▸ GIVEN MATERIAL
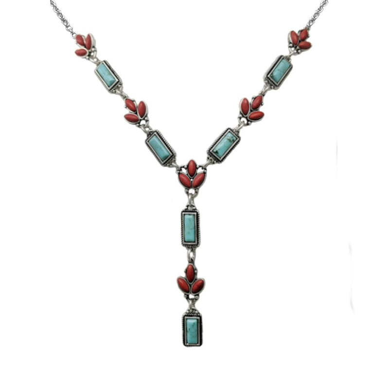 Western Y-Drop Necklace, Turquoise Howlite and Coral Red Stones, 18"+3" Extender, Silver
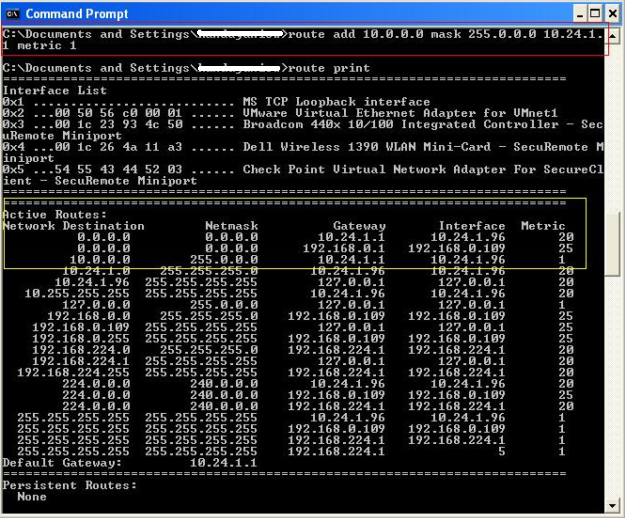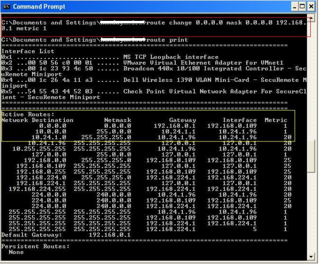 3. Kemudian ketik ‘route print‘ dan perhatikan ‘default gateway’ masih di 10.24.1.1 (server di intranet). Agar laptop bisa terhubung internet dan intranet secara bersamaan, Anda harus mengatur routing data agar koneksi internet menjadi ‘first priority connection’ dan koneksi intranet sebagai ‘second priority’. Caranya adalah sebagai berikut :
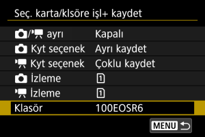 : Seç. karta/klsöre işl+ kaydet] seçimi yapın.

▸ THE PROBLEM
Nothing but the pictures may be dropped as you repeat the listing above exactly.

▸ RESPONSE FOR THIS EXERCISE
 Western Y-Drop Necklace, Turquoise Howlite and Coral Red Stones, 18"+3" Extender, Silver
 3. Kemudian ketik ‘route print‘ dan perhatikan ‘default gateway’ masih di 10.24.1.1 (server di intranet). Agar laptop bisa terhubung internet dan intranet secara bersamaan, Anda harus mengatur routing data agar koneksi internet menjadi ‘first priority connection’ dan koneksi intranet sebagai ‘second priority’. Caranya adalah sebagai berikut :
 : Seç. karta/klsöre işl+ kaydet] seçimi yapın.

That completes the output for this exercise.